LONDON — The U.K. government hailed an era of cheaper Australian wine and New Zealand kiwi fruit as free-trade agreements with the two Southern Hemisphere nations took effect Wednesday.
U.K. Business and Trade Secretary Kemi Badenoch said that the start of the first all-new trade deals that Britain has struck since it left the European Union marked “a historic moment.”
Economists, however, said the economic effect would be limited. Trade expert David Henig called the new deals “a bit of a nothingburger.”
The agreements remove tariffs on most goods, streamline some regulations and make it easier for Britons to work Down Under, and for Aussies and Kiwis to work in the U.K.
Britain marked the occasion by sending the Australian and New Zealand governments care packages of products it hopes will get an export boost, including Welsh whiskey, English gin, leather bags from the Cambridge Satchel Co. and Beano, a kids’ comic book.
The U.K. says the deals will boost bilateral trade by 53% with Australia and 59% with New Zealand, though the overall volumes are relatively modest: Australia accounts for 0.9% of U.K. trade, and New Zealand for 0.2%.
Henig, director of the U.K. Trade Policy Project at the European Centre for International Political Economy, said that the deals “could make bits and pieces of difference. For individual companies it can make a difference.”
But, he said, “the likeliest outcome is very little changes.”
Many economists say no amount of new trade deals will make up for the economic hit of leaving the EU, which before Brexit accounted for about half of all U.K. trade. Britain’s exit erected new trade barriers with the bloc, an economic behemoth of 27 countries and 500 million people.
Britain’s independent Office for Budget Responsibility estimates Brexit knocked 4% off U.K. gross domestic product.

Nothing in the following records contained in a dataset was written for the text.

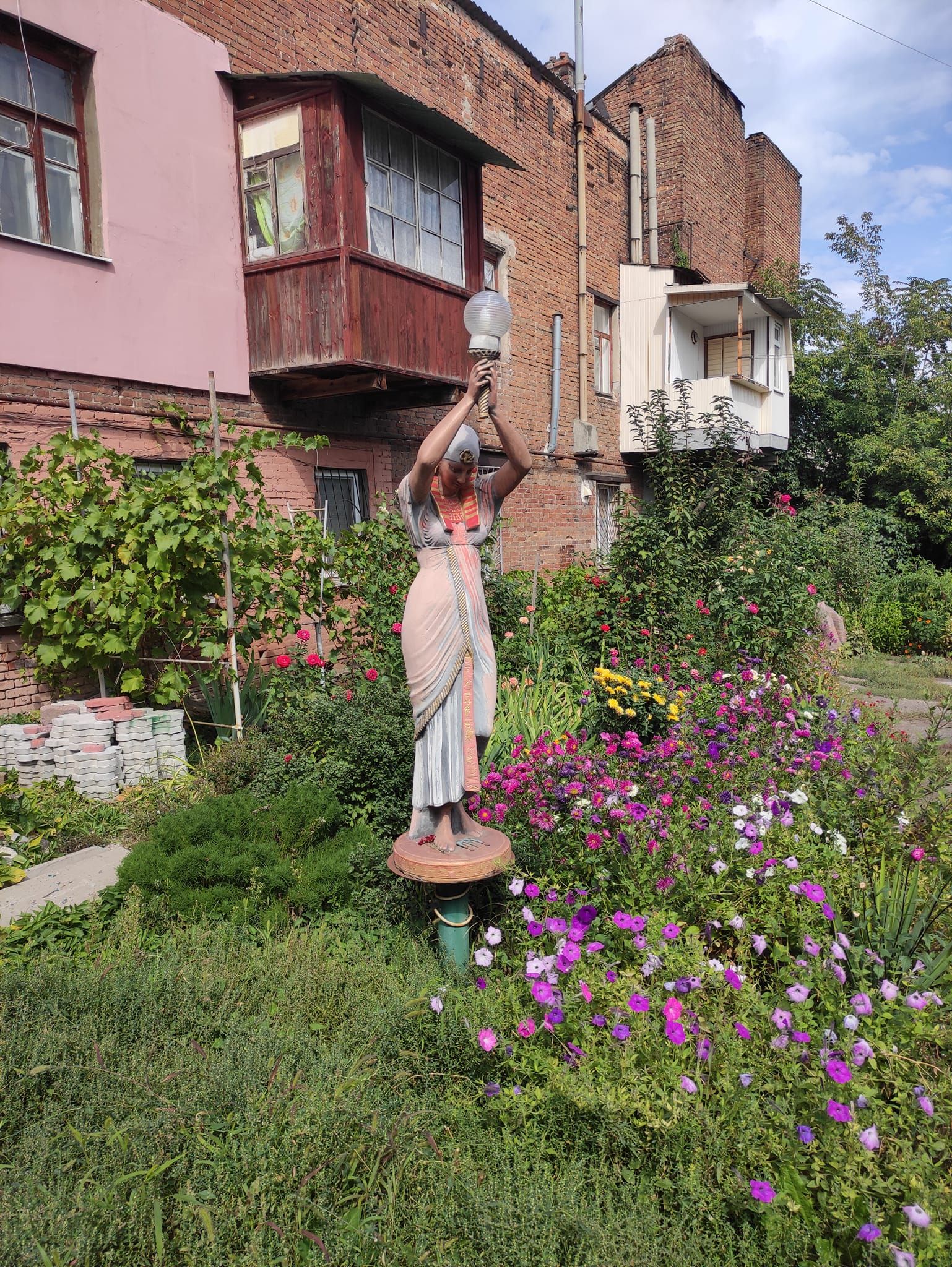 Ось таку незвичайну таку незвичайну статую виявила в одному із дворів на вулиці Бородінській. Коли увійшла на подвір'я, не зразу й зрозуміла, що це статуя. Подумала, може якийсь обряд у дворі проводять, - зазначила авторка допису.
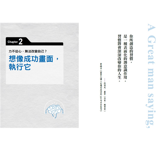 人類的行動全都取決於習慣,因此只要養成好習慣,就能以更快的速度迎向成功;反之,若無法從壞習慣中抽身,就會陷入負面的迴圈。就某種意義而言,這個說法相當中肯。
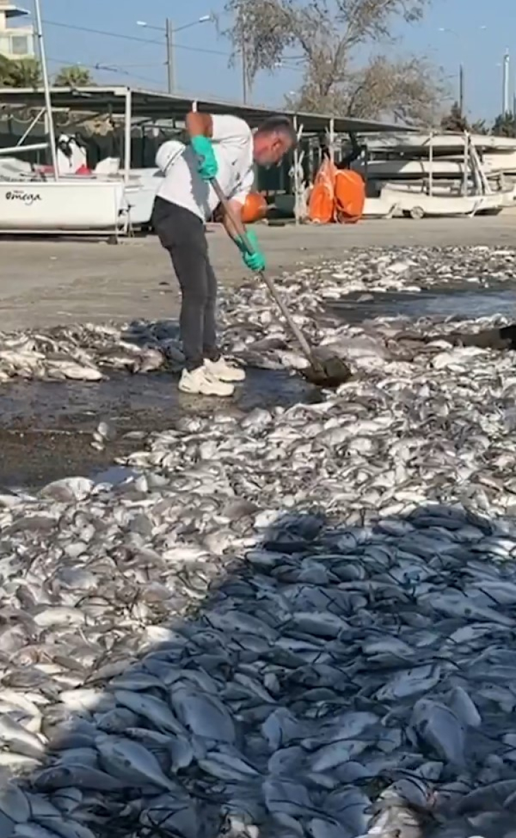 İzmir Büyükşehir Belediyesi ekipleri ise denizdeki ölü balıkları toplamak için çalışma yürütüyor.
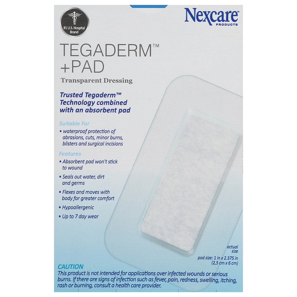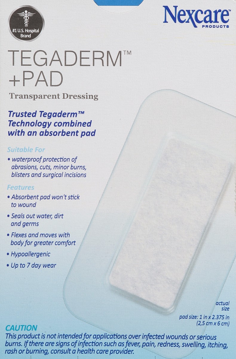 2-3/8 x 4 in (60.3 x 101 mm). Sterile adhesive pads. Tegaderm +pad. Protects & Absorbs: Seals out water, dirt and germs. Stays on in bath and shower. Pad won't stick to wound. Latex free materials. Id…
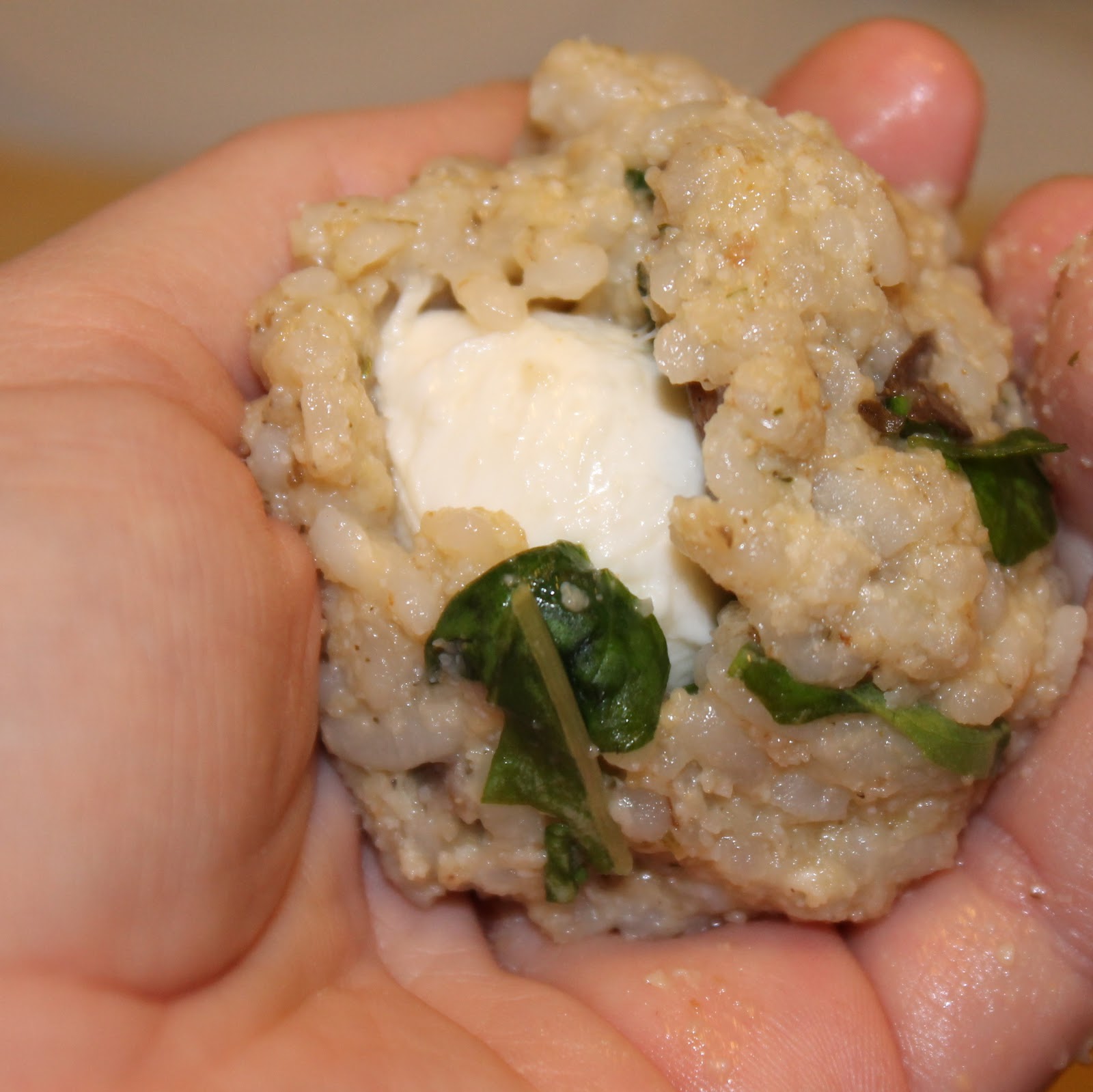 Form the risotto into palm sized balls, adding a mozzarella ball in the center and forming the risotto around the mozzarella ball. (It should make 6 risotto balls)
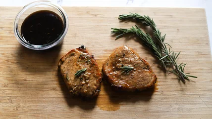 While the pork chops are cooking, place the saucepan with marinade on the stove over medium heat, simmering for about 10 to 15 minutes or until the liquid has reduced by about half. Once cooked, allow the pork chops to rest for five minutes, then slice the meat and serve it with sauce.
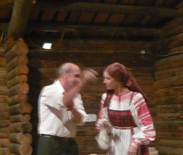 Нам рассказали , что каждое место в крестьянской избе имело свое назначение, и я искренне огорчилась , узнав , что, пропуская всех гостей в избу , которые усаживались в красный угол, сама заняла место кикиморы, в другой избе это почетное место досталось Владимиру Валентиновичу и Владимиру Ильичу, а Юрий все время мостился на лавку для нищих. Поэтому когда нас привели в дом охотника, то Владимир Валентинович заторопился под образа , а мы, довольные , расположились на лавке для гостей под медвежьей шкурой, предоставив возможность посидеть на лавке для нищих и кикимор другим.
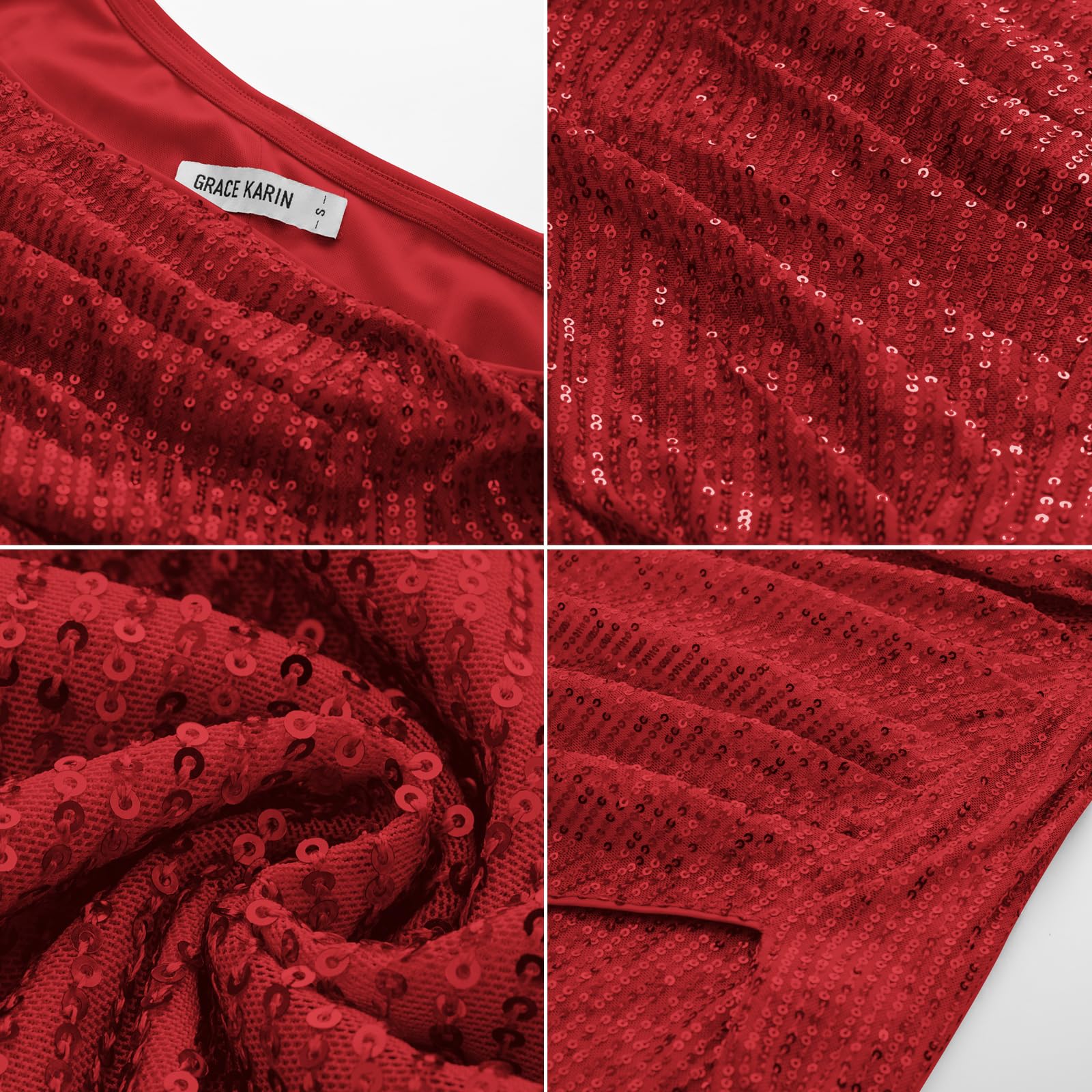 GRACE KARIN Women's Sequin One Shoulder Party Dress Asymmetric Neckline Maxi Wrap Dress for Wedding Guests Red S
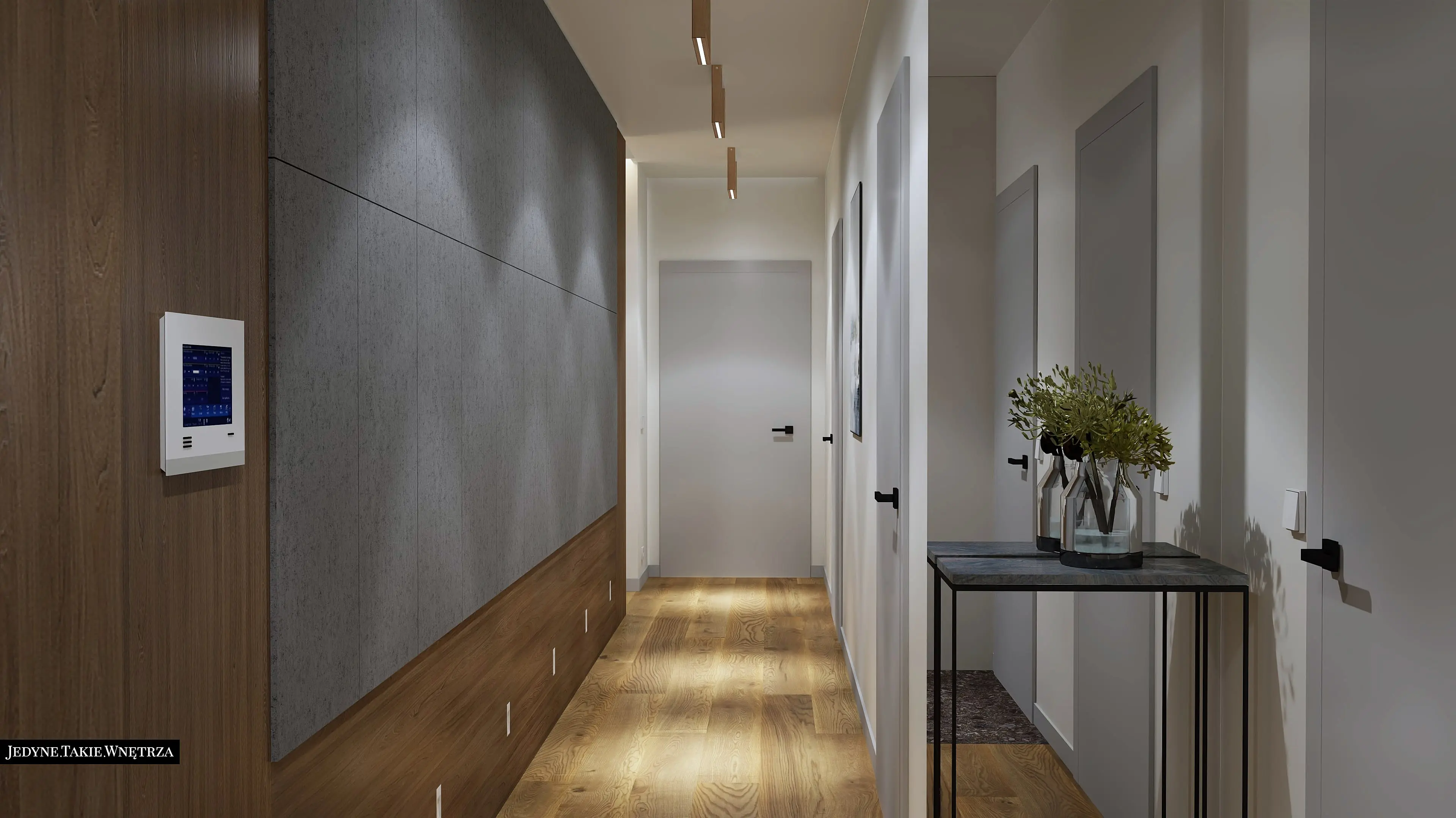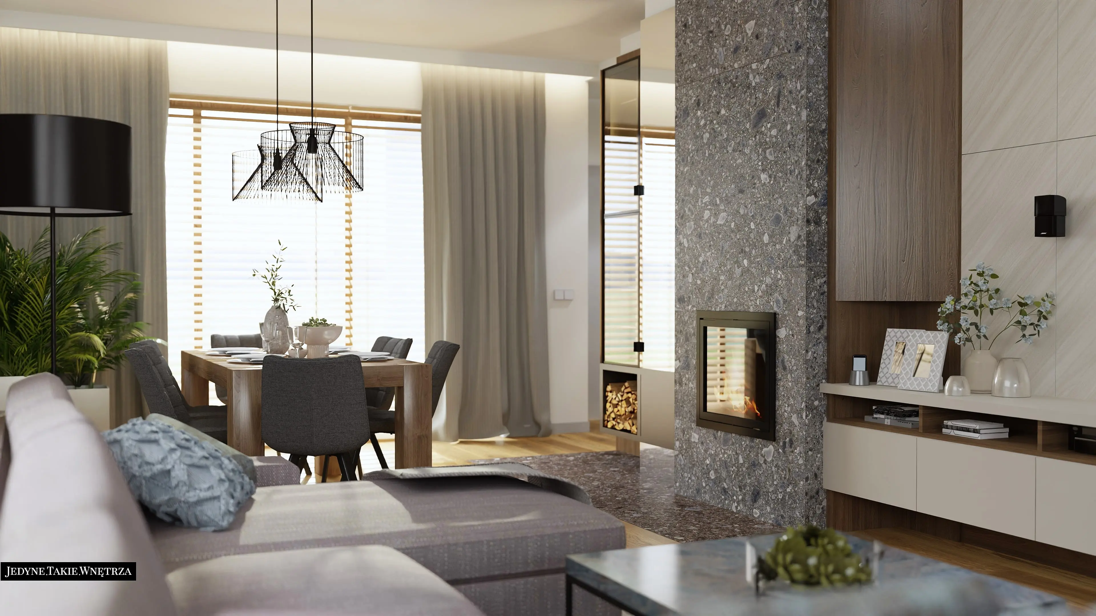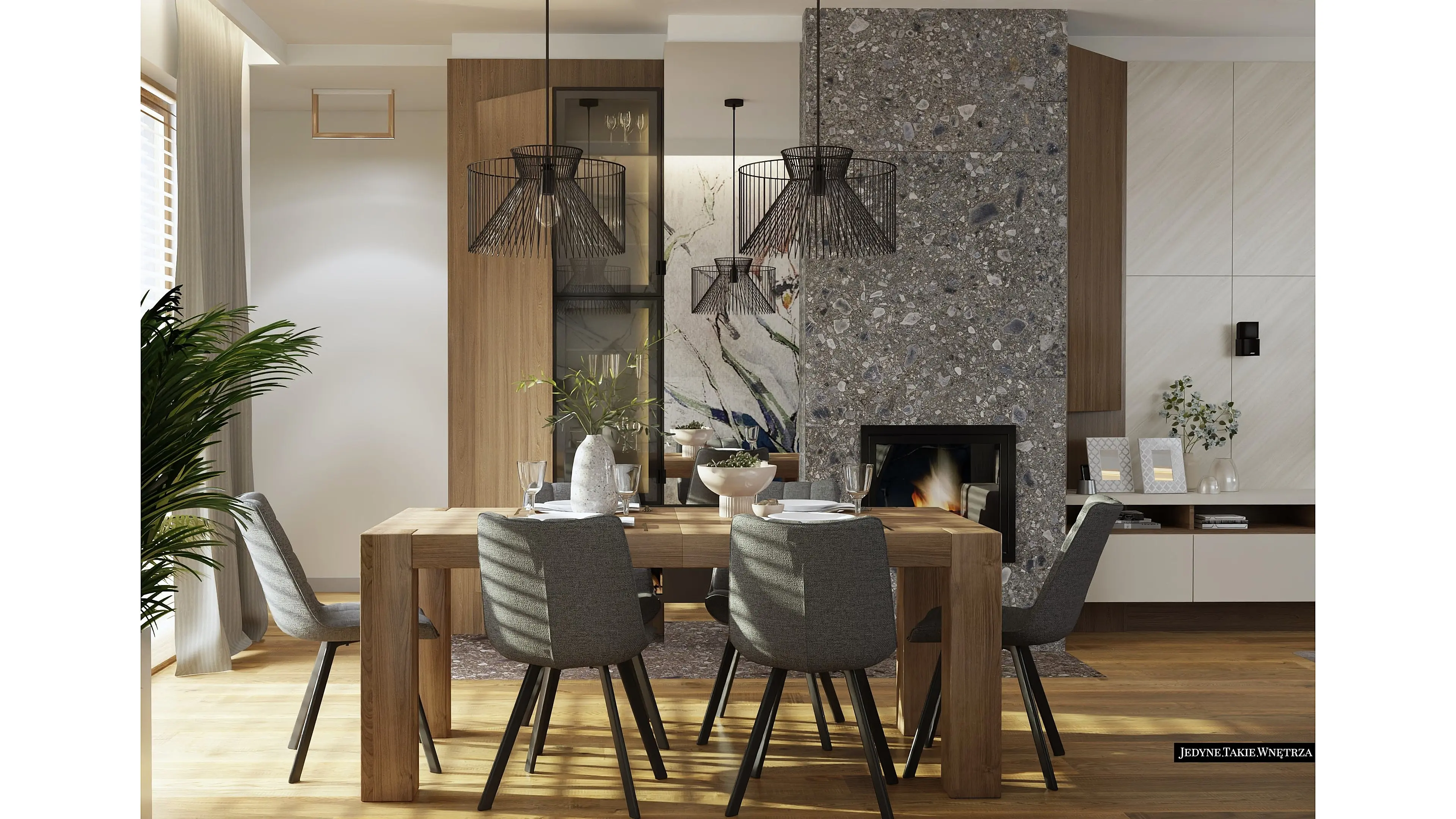 Zieleń&miedź w otoczeniu naturalnej deski – projekt wnętrz domu Gdańsk

The new deals together are expected to bring an estimated boost to GDP of about 0.1% by 2035.
Some former U.K. government officials also say the deals are skewed towards Australia and New Zealand. Ex-Environment Secretary George Eustice, who was a member of the government when the deal was struck, said last year that “the U.K. gave away far too much for far too little in return.”
British farmers, meanwhile, fear beef and lamb from the antipodean nations’ large livestock industries will flood the British market under the deal’s vastly increased quotas. The U.K. government insists the deals have “robust protections” for British farmers.
Sue Davies, head of consumer rights and food policy at U.K. consumer organization Which?, said the group’s research suggested people want trade deals that prioritize “high food, product safety, data protection and environmental standards.”
“The success of trade agreements will be judged on what they deliver for ordinary people in their everyday lives, not just the export opportunities they provide.”
The ability to strike new trade deals around the world was touted as a Brexit benefit by those who argued Britain would be better off outside the EU. But deals have been slow in coming, though the U.K. has rolled over several agreements that it had when it was part of the bloc, and is on course to join the trans-Pacific trade partnership that includes Japan, Canada and Vietnam.
Before Brexit, then Prime Minister Boris Johnson touted a future free trade deal with the United States as one of the great prizes of Brexit.
Next week, his successor, Rishi Sunak, is due to visit Washington for talks with U.S. President Joe Biden. A trade deal isn’t even on the agenda.
“We are not seeking to pursue a free-trade deal with the U.S. currently,” Sunak spokesman Max Blain said Tuesday.